▶ **THE DATA**

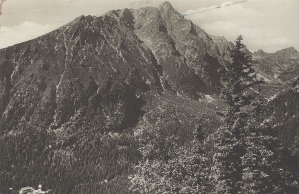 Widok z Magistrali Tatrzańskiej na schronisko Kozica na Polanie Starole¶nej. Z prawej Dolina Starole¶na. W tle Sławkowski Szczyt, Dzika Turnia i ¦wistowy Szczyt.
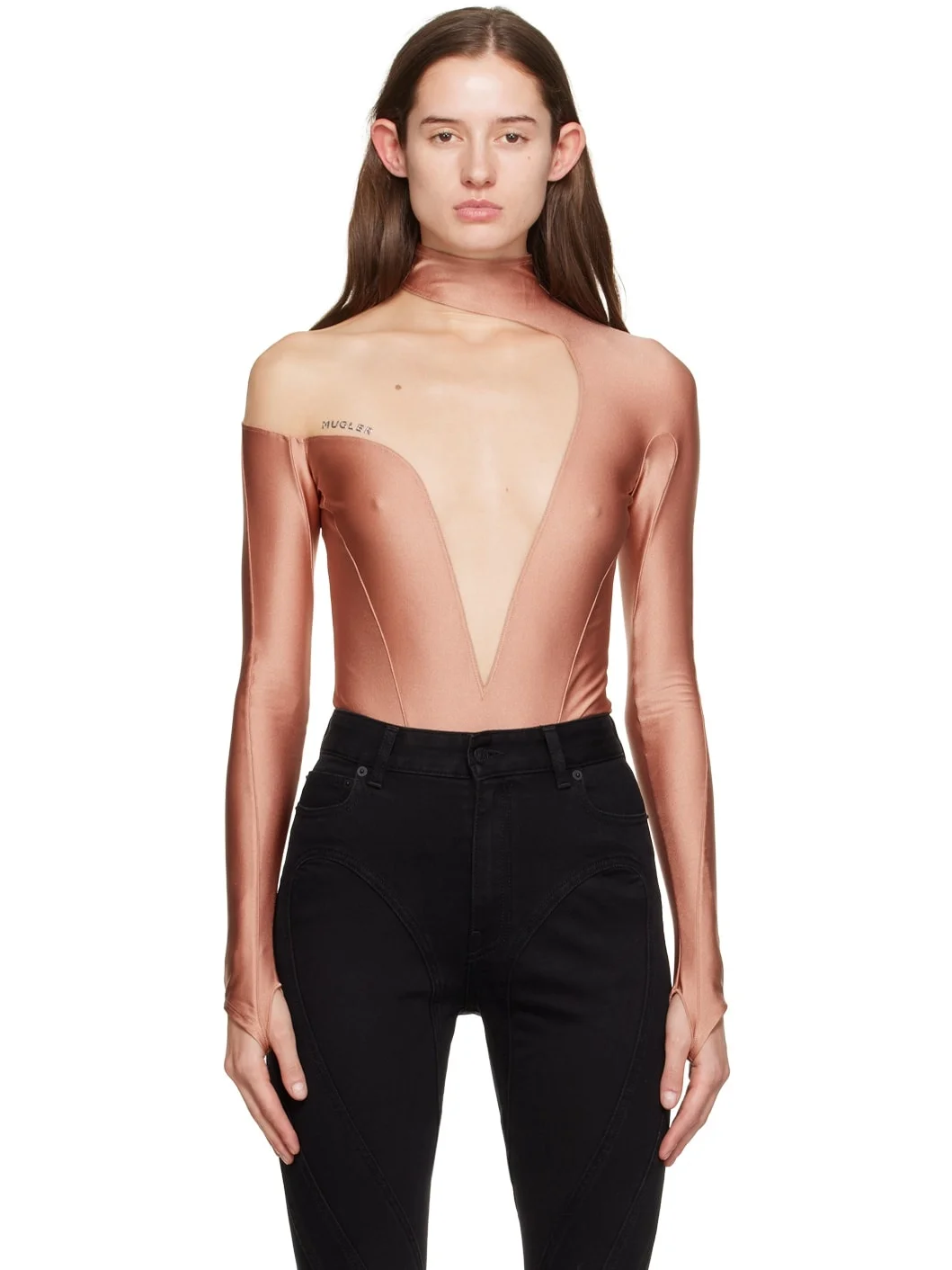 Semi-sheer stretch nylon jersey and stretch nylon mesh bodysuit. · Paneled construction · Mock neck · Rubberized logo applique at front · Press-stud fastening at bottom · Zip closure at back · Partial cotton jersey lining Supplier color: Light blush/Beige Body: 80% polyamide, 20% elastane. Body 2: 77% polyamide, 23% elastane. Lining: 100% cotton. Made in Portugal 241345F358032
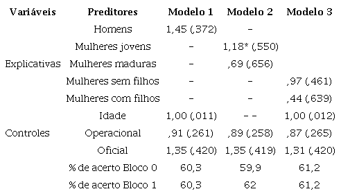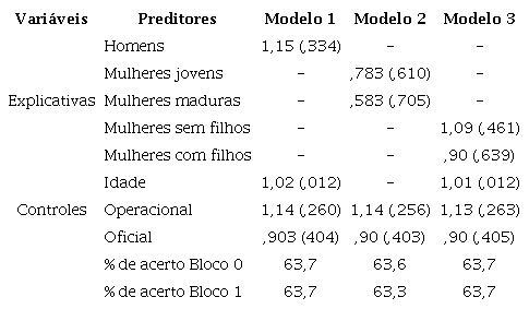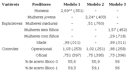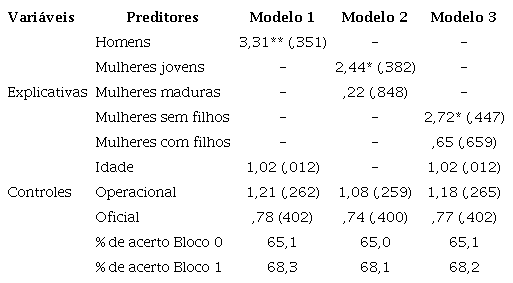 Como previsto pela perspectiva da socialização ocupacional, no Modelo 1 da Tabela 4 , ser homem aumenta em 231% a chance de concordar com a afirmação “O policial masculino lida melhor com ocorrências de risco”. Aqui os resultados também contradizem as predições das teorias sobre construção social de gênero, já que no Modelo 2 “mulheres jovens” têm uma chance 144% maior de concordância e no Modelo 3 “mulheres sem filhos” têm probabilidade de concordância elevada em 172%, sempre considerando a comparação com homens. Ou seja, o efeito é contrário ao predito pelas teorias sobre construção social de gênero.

▶ **WORK REQUEST**
Return the complete material above exactly, with no picture.

▶ **ANSWER FOR THE TASK**
 Widok z Magistrali Tatrzańskiej na schronisko Kozica na Polanie Starole¶nej. Z prawej Dolina Starole¶na. W tle Sławkowski Szczyt, Dzika Turnia i ¦wistowy Szczyt.
 Semi-sheer stretch nylon jersey and stretch nylon mesh bodysuit. · Paneled construction · Mock neck · Rubberized logo applique at front · Press-stud fastening at bottom · Zip closure at back · Partial cotton jersey lining Supplier color: Light blush/Beige Body: 80% polyamide, 20% elastane. Body 2: 77% polyamide, 23% elastane. Lining: 100% cotton. Made in Portugal 241345F358032
 Como previsto pela perspectiva da socialização ocupacional, no Modelo 1 da Tabela 4 , ser homem aumenta em 231% a chance de concordar com a afirmação “O policial masculino lida melhor com ocorrências de risco”. Aqui os resultados também contradizem as predições das teorias sobre construção social de gênero, já que no Modelo 2 “mulheres jovens” têm uma chance 144% maior de concordância e no Modelo 3 “mulheres sem filhos” têm probabilidade de concordância elevada em 172%, sempre considerando a comparação com homens. Ou seja, o efeito é contrário ao predito pelas teorias sobre construção social de gênero.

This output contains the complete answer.